Le parole sono spesso prive di significato. Ciò accade perchè le abbiamo consumate, estenuate, svuotate con un uso eccessivo e soprattutto inconsapevole. Le abbiamo rese bozzoli vuoti.
Per raccontare, dobbiamo rigenerare le nostre parole. Dobbiamo restituire loro senso, consistenza, colore, suono, odore. E, per far questo, dobbiamo farle a pezzi e poi ricostruirle.
Si chiama "manomissione" questa operazione di rottura e ricostruzione.
Il termine "manomissione" ha due significati, in apparenza molto differenti. Nel primo significato, essa è sinonimo di alterazione, violazione, danneggiamento. Nel secondo essa è sinonimo di liberazione, riscatto, emancipazione. La manomissione delle parole include entrambi questi significati.
Noi "facciamo a pezzi" le parole (le manomettiamo nel senso di alterarle, violarle) e poi le rimontiamo (le manomettiamo nel senso di liberarle dai vincoli delle convenzioni verbali e dei non-significati).
Solo dopo la manomissione possiamo usare le nostre parole per raccontare storie.
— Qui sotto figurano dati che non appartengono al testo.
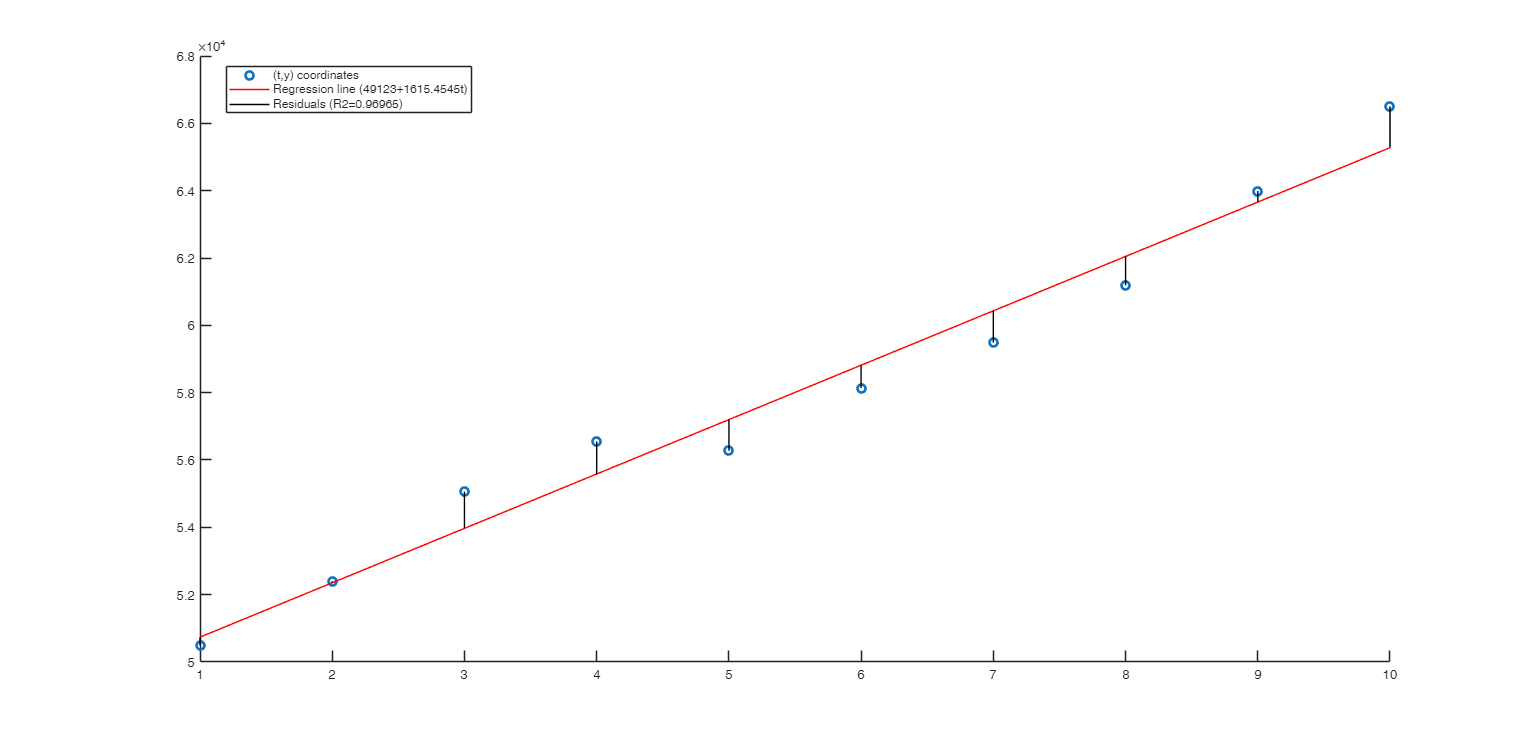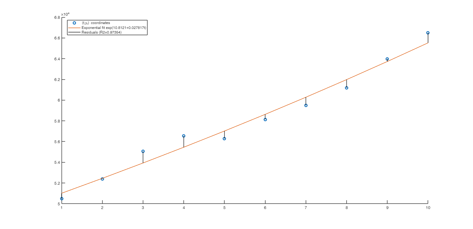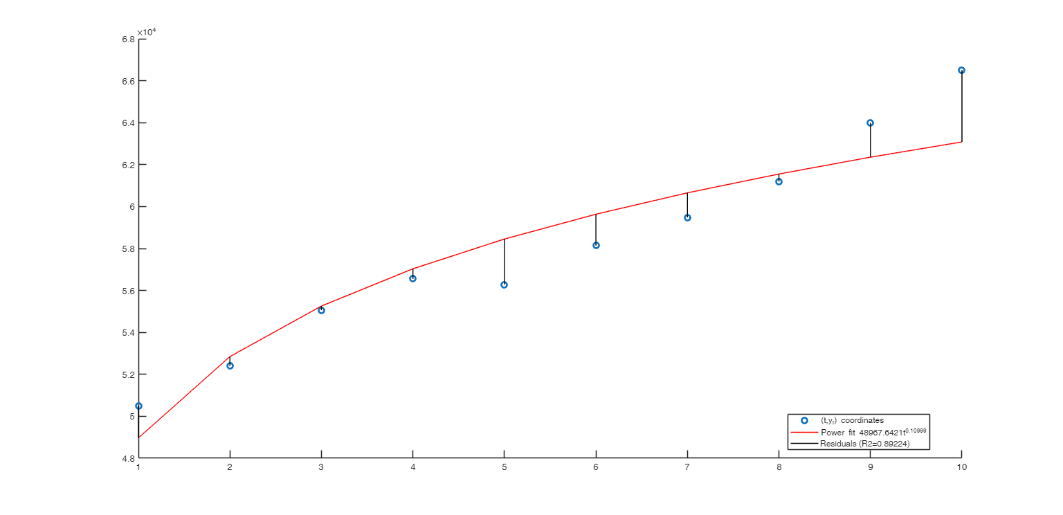 y=[50496 52396 55058 56550 56275 58138 59485 61188 63989 66505]; x=1:10; % Analyze the trend of the company's production using a linear fit. out=GUIregress(x,y,'interpolant','linear','plots',true, 'timeseries', true); % Analyze the trend of the company's production using an exponential fit. out=GUIregress(x,y,'interpolant','exponential','plots',true,'timeseries',true); % Analyze the trend of the company's production using an power fit. out=GUIregress(x,y,'interpolant','power','plots',true,'timeseries',true)

Mi ha sempre affascinato l'idea che le parole nascondano in sé un potere diverso e superiore rispetto a quello di comunicare, trasmettere messaggi, raccontare storie.
L'idea, cioè, che abbiano il potere di produrre trasformazione, che possano essere, letteralmente, lo strumento per cambiare il mondo.
Spesso, tuttavia, le nostre parole hanno perso significato perchè le abbiamo consumate con usi impropri, eccessivi o anche, solo, inconsapevoli.
Diceva il poeta greco Ghiannis Ritsos, "le parole sono come vecchie prostitute che tutti usano spesso male: e al poeta tocca restituire loro la verginità".
E' necessario un lavoro da artigiani per restituire verginità, senso, dignità e vita alle parole. E' necessario smontarle e controllare cosa non funziona, cosa si è rotto, cosa ha trasformato meccanismi delicati e vitali in materiali inerti.
E dopo bisogna montarle di nuovo, per ripensarle finalmente liberi dalle convenzioni verbali e dai non-significati.